WHAT THE EXERCISE ASKS
What is wanted is every line below from the one with "cassa in oro" up to and including the one with "方华副校长与何淼泓董事长共同为联合实验室揭牌,双方互赠纪念品。", retyped exactly, pictures excluded, nothing else.

━━━ EXERCISE DATA

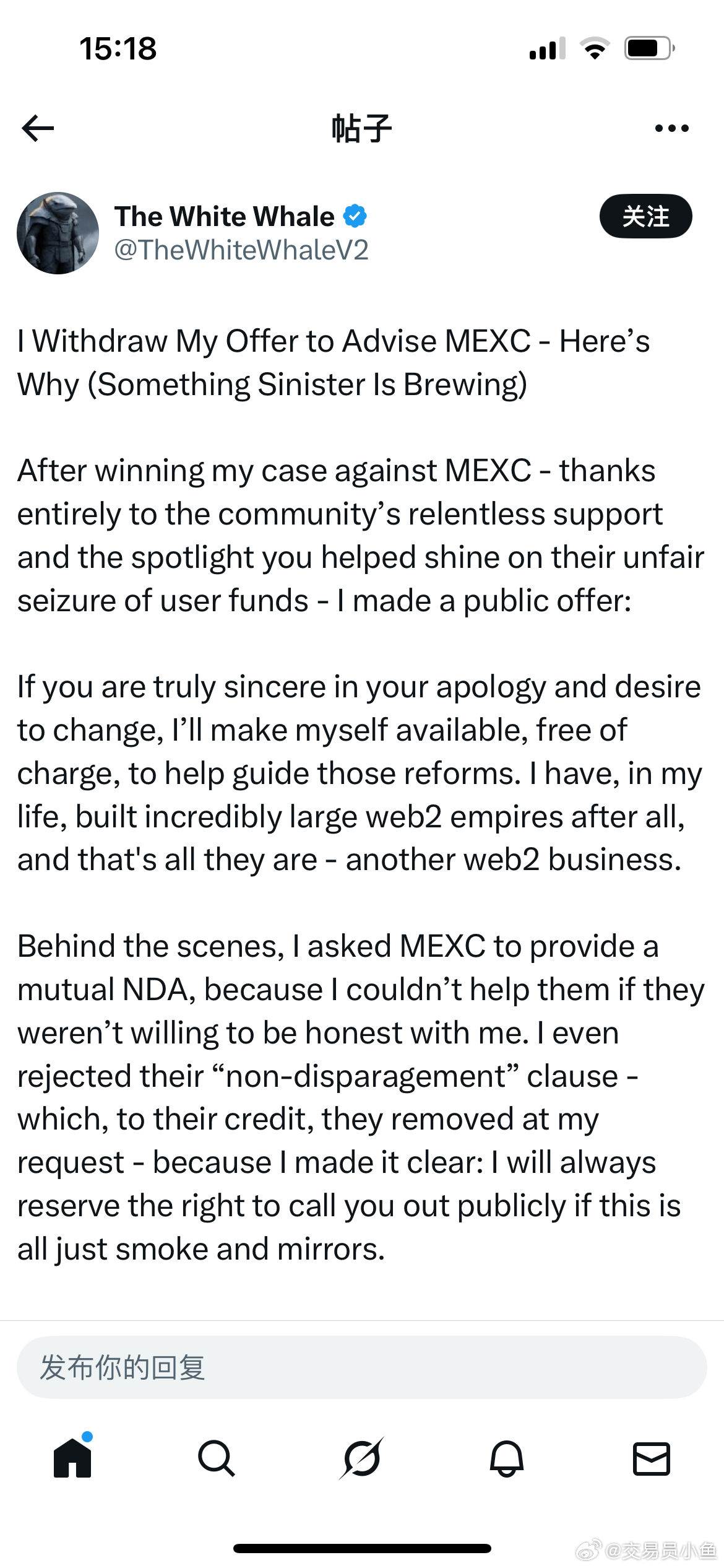 加密圈知名人物 英文区kol White Whale 宣布撤回对 MEXC 的“免费改革顾问”提议。
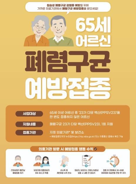 접종 대상자가 신분증을 가지고 지정 병원(348곳)을 가면 23개 종류의 혈청형이 있는 ‘폐렴구균 23가 다당질 백신’을 접종해 준다.
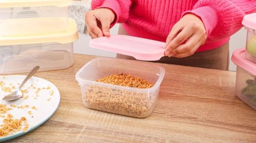 - ✅【أربعة أحجام مريحة】 تتضمن المجموعة علب بسعة 1 لتر و1.5 لتر و2.5 لتر و4 لتر مصممة بشكل مثالي لجميع أنواع التخزين، بدءًا من الوجبات الخفيفة الصغيرة والصلصات إلى الوجبات العائلية الكبيرة؛ استمتع بالمرونة والكفاءة في مطبخك مع تقليل النفايات والحفاظ على إدارة أجزاء الطعام بشكل جيد في كل مناسبة.🍱
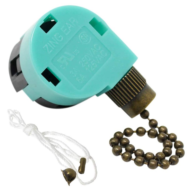 CeilingFanSwitch Zing Ear ZE-268S6 Switch 3 Speed 4 Wire Pull Chain Control Ceiling Fan Replacement Speed Control Switch (Antique Brass)
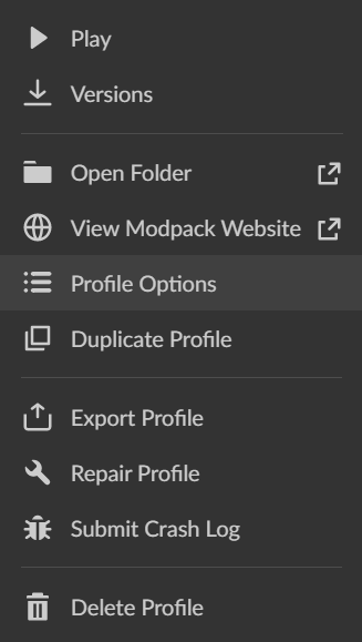 Profile Options - 모드팩의 이름을 변경하거나 포지 버전 선택 등의 간단한 모드 설정 창을 띄웁니다.
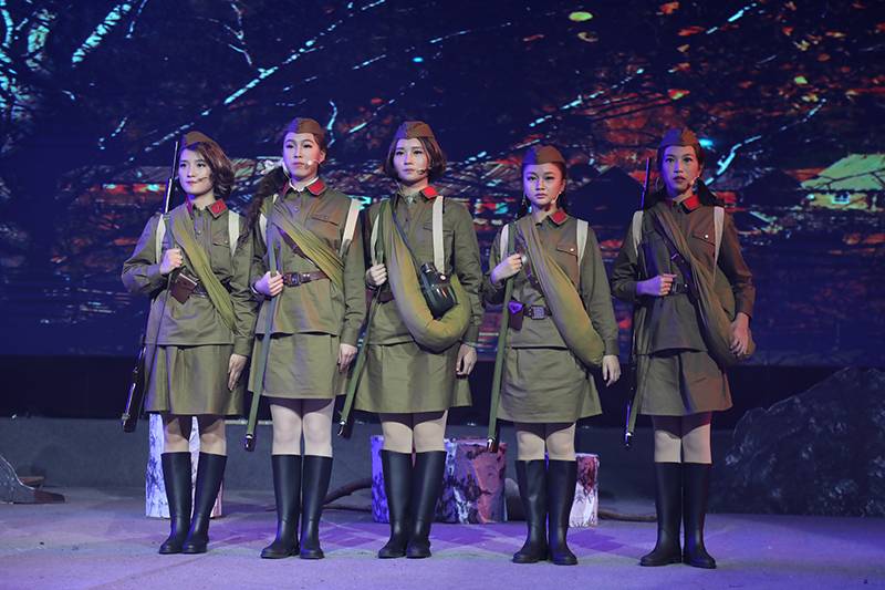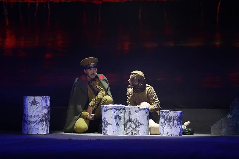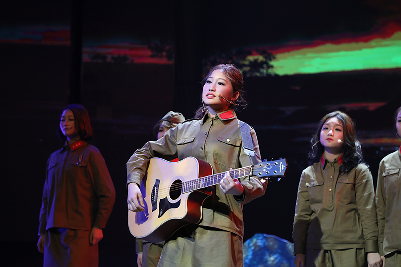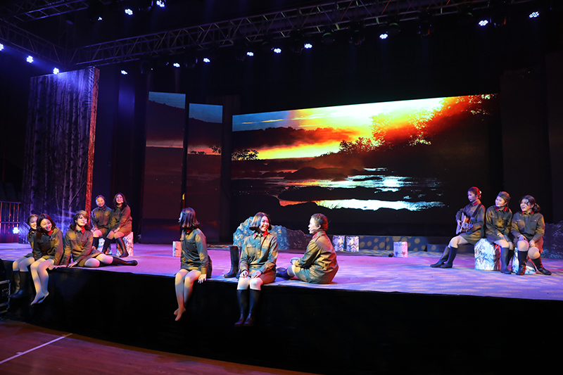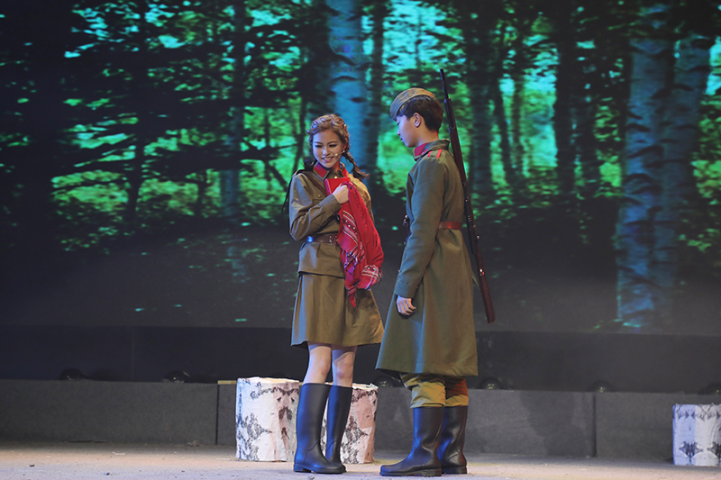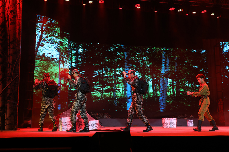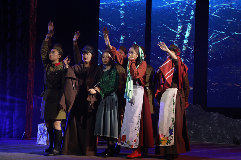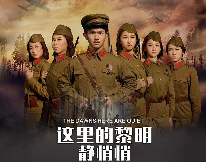 话剧《这里的黎明静悄悄》根据前苏联同名小说改编,讲述了卫国战争时期,5位对爱情、对生活有着美好憧憬的花季女兵,在准尉的带领下英勇抗击德寇,最终牺牲在白桦林中的故事,引发人们对侵略战争的思考和对人性的多元理解。故事情节跌宕起伏,扣人心弦。来自高一年级18个班级的52位学生演员联袂出演,三幕联排同台呈现,用极具张力的表演,塑造了一个又一个鲜活生动的人物形象,深深地感染了每一位到场的观众。
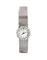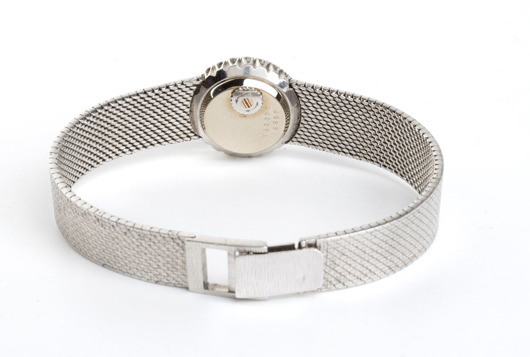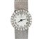 cassa in oro bianco 18k con cinturino integrato in oro bianco, quadrante bianco con numeri romani e contornato da diamanti. Movimento meccanico a carica manuale con corona sul fondello.
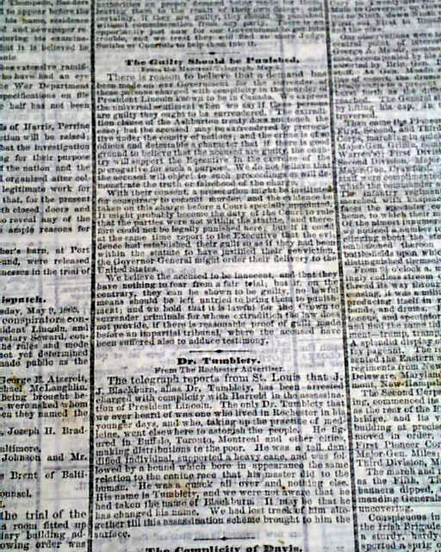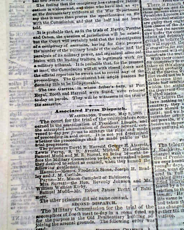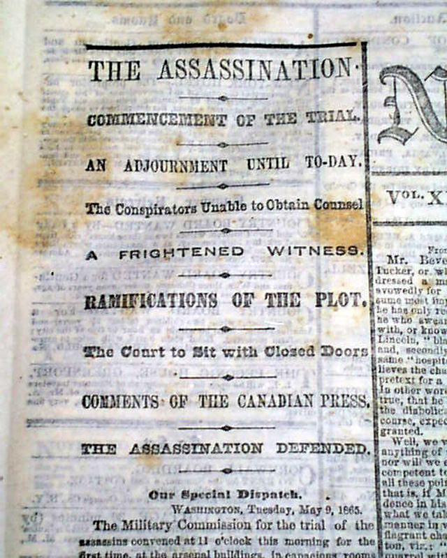 Among the front page one column heads are: "THE ASSASSINATION" "Commencement of The Trial" "The Conspirators Unable to Chain Counsel" "A Frightened Witness" "Ramification of the Plot" "The Assassination Defended" "PROCLAMATIONS BY THE PRESIDENT" "Notice Given to Rebel Pirates" "The State of Virginia" "She is Restored to the Union" and more.
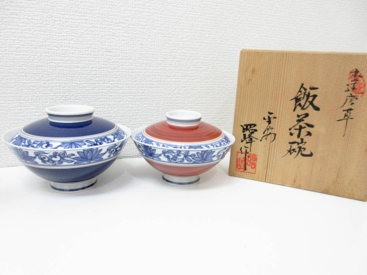 - 極美品■清水焼 京焼 唐草 平安 昭峰作 夫婦 飯茶碗 ペア 御茶碗 木箱 難あり 管理2003 P-6
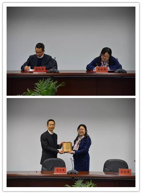 方华副校长与何淼泓董事长共同为联合实验室揭牌,双方互赠纪念品。
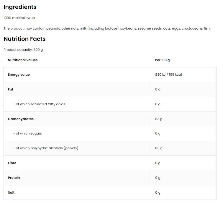 Предупреждения: Въпреки че малтитолът е безопасен за повечето хора, прекомерният прием може да предизвика храносмилателни неразположения, включително газове и диария. Консултирайте се с лекар преди употреба, ако имате специални медицински условия или приемате медикаменти.
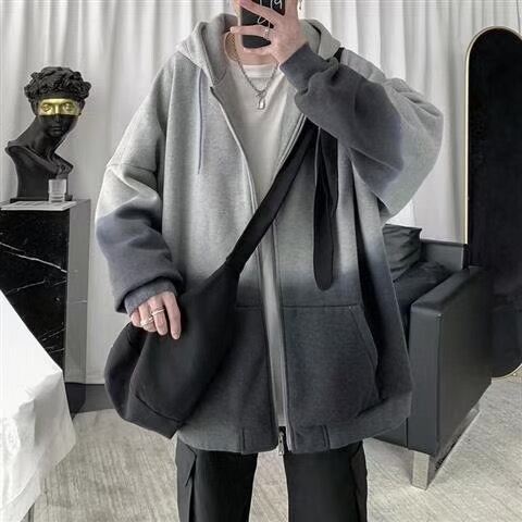 Hong Kong Style Gradient Cardigan Sweater Men's Spring and Autumn Trendy Ins Hooded Top Clothes 2021 New Loose Sports Jacket
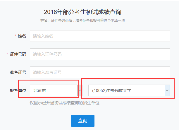 以下是中央民族大學(xué),2018年全國碩士研究生考試成績查詢?nèi)肟?/span>(https://yz.chsi.com.cn/apply/cjcx/)
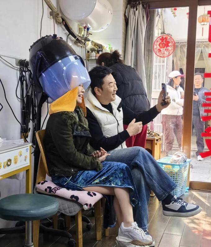 在摄影的闲暇时刻,郭涛耐心地指导妻子如何摆出合适的姿势,而李燃则是微笑着全神贯注地听着。两人在一起的氛围既安静又温暖,显然是多年的陪伴和默契的体现。
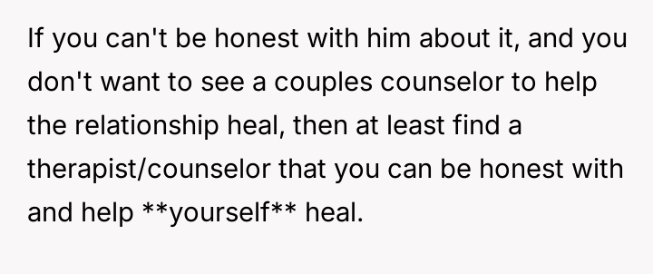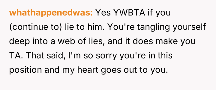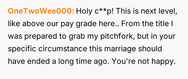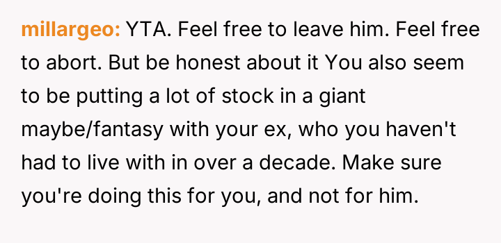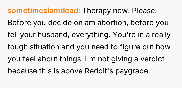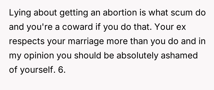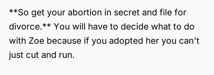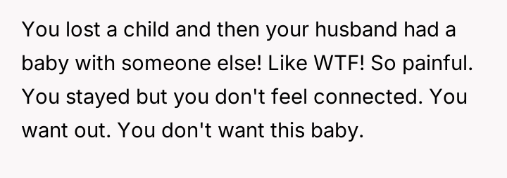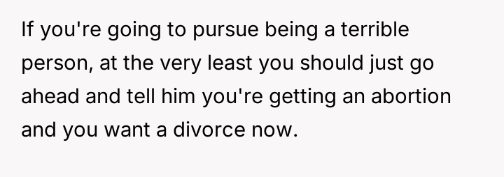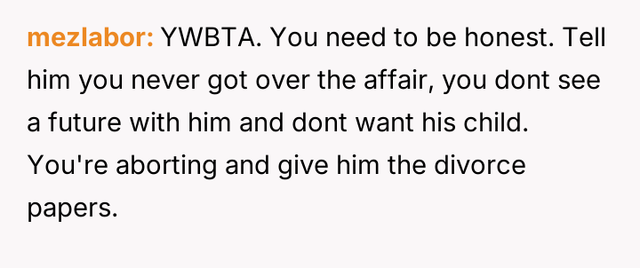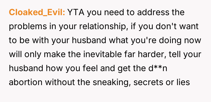 The original poster is facing a profound personal conflict, torn between maintaining a painful marriage under false pretenses and seeking personal truth through separation and abortion.
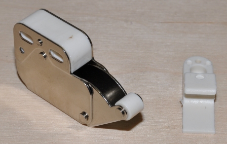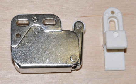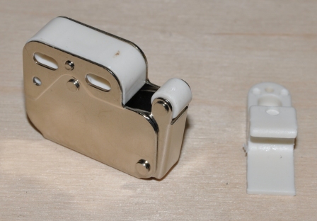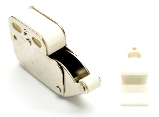 Opis: bardzo mocny zatrzask wykonany z blach ocynkowanej (ocynk srebrny) a zaczep wykonany z tworzywa w kolorze białym. Zatrzask w swojej obudowie posiada sprężynę i zapadkę, dzięki czemu ramię z dużą siłą się wychyla i bardzo pewnie blokuje po wciśnięciu. Zatrzask jest mocny i gwarantuje długą i bezawaryjną obsługę. Zatrzask przeznaczony jest do zamykania frontów meblowych bez uchwytów. Otworzenie drzwi następuje po naciśnięciu frontu. Aby zatrzask mógł prawidłowo funkcjonować drzwi (fronty) powinny być wyposażone w zawiasy odpychające.
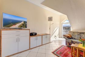 Die Ferienwohnung Parchenblick befindet sich im 1. Obergeschoss des Hauses und ist ca. 50m² groß. Im gemütlichen Wohnbereich mit Couch und Flachbildfernseher befindet sich auch die offene Küchenzeile mit Spülmaschine, Backofen, Herd, Kühlschrank mit Gefrierfach, Toaster, Wasser- und Eierkocher. Im Schlafzimmer befindet sich ein Doppelbett und außerdem die Möglichkeit für zwei Aufbettungen (Polsterliege und Kleinkinderbett). Über eine Leiter vom Flur sind die beiden Schlafplätze im kuscheligen, verschließbaren Spitzboden (mit Dachfenster) der Ferienwohnung zu erreichen. Diese Schlafmöglichkeit kann auf Anfrage dazu gebucht werden. Die Wohnung verfügt über einen Internetzugang via W-LAN und ist kostenfrei nutzbar. Die Erstausstattung Bettwäsche und Handtücher sind bereits im Preis enthalten. Zusätzlich ist ein Safe für Ihre Wertsachen in der Wohnung vorhanden.
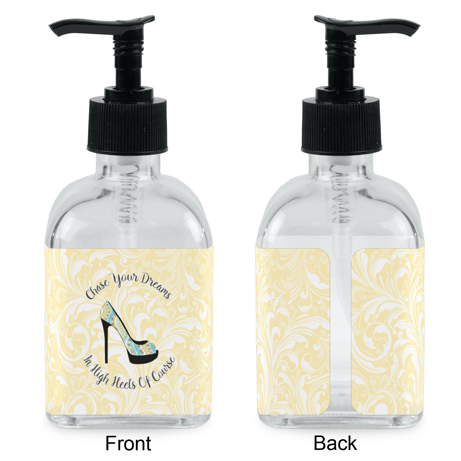 Crafted from a high-quality glass, these soap dispensers and lotion dispensers are durable and robust, while still looking elegant. They are sold with black pumps. Each soap dispenser pump measures at 6.5 by 2.25 inches. On these soap pumps, we display your customized design on a personalized vinyl adhesive on three sides. That way, you can judge how much liquid is in the bottles from the back.
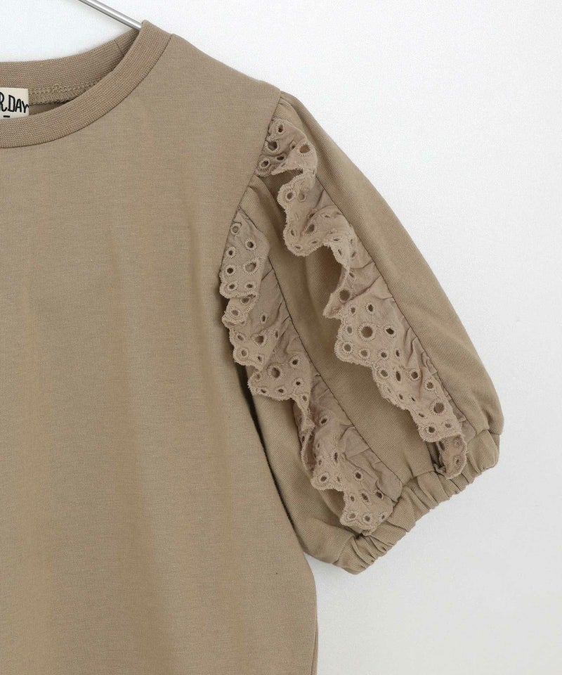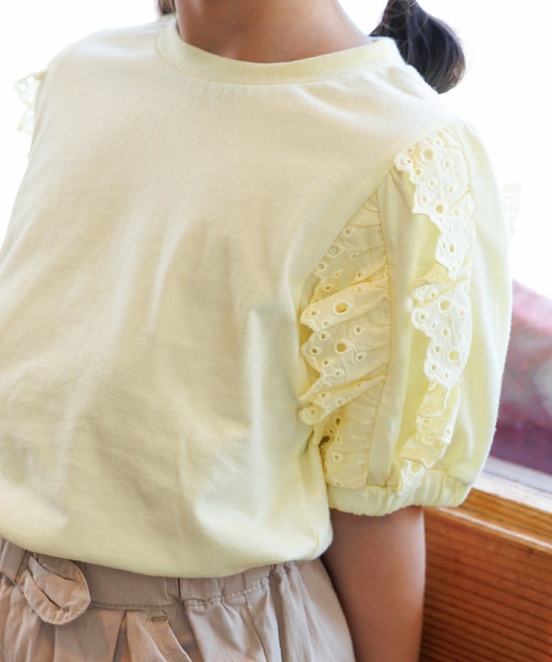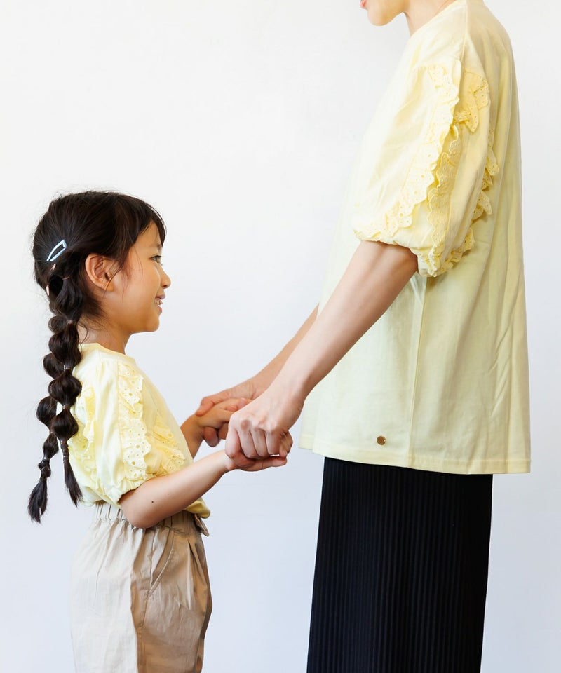 【セール】ママとおそろい 袖レース半袖Tシャツ■80~140cm
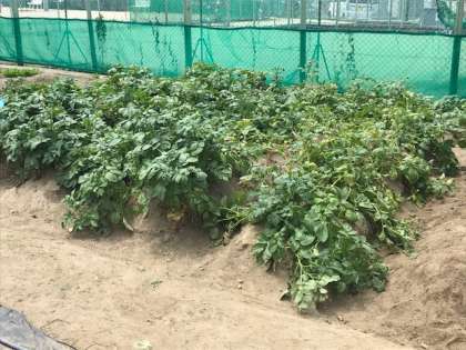 こみち幼稚園には畑がありまして、今日はじゃがいもの収穫をしていました。
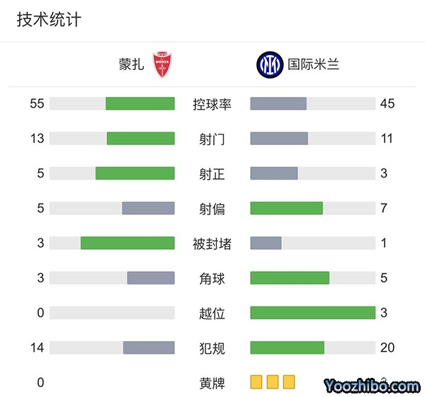 全场比赛结束,最终国米2-2蒙扎,三连胜遭终结。
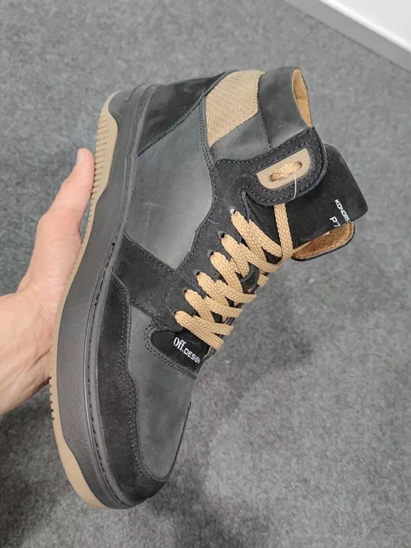 Яскраві зимові чоловічі хайтопи у бежево-чорному виконанні на всі випадки життя.
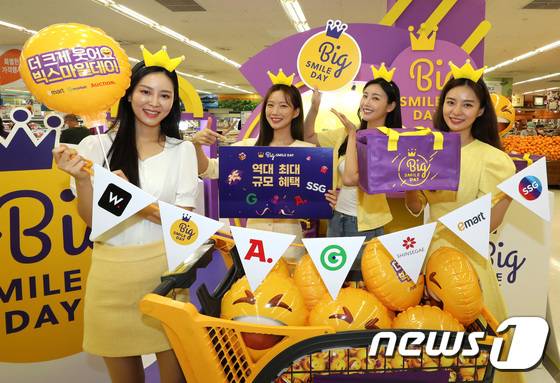 (서울=뉴스1) 구윤성 기자 = 16일 오전 서울 성동구 이마트 성수점에서 모델들이 G마켓·옥션의 할인 행사인 '빅스마일데이'를 알리고 있다.

━━━━━━

TASK RESULT
 cassa in oro bianco 18k con cinturino integrato in oro bianco, quadrante bianco con numeri romani e contornato da diamanti. Movimento meccanico a carica manuale con corona sul fondello.
 Among the front page one column heads are: "THE ASSASSINATION" "Commencement of The Trial" "The Conspirators Unable to Chain Counsel" "A Frightened Witness" "Ramification of the Plot" "The Assassination Defended" "PROCLAMATIONS BY THE PRESIDENT" "Notice Given to Rebel Pirates" "The State of Virginia" "She is Restored to the Union" and more.
 - 極美品■清水焼 京焼 唐草 平安 昭峰作 夫婦 飯茶碗 ペア 御茶碗 木箱 難あり 管理2003 P-6
 方华副校长与何淼泓董事长共同为联合实验室揭牌,双方互赠纪念品。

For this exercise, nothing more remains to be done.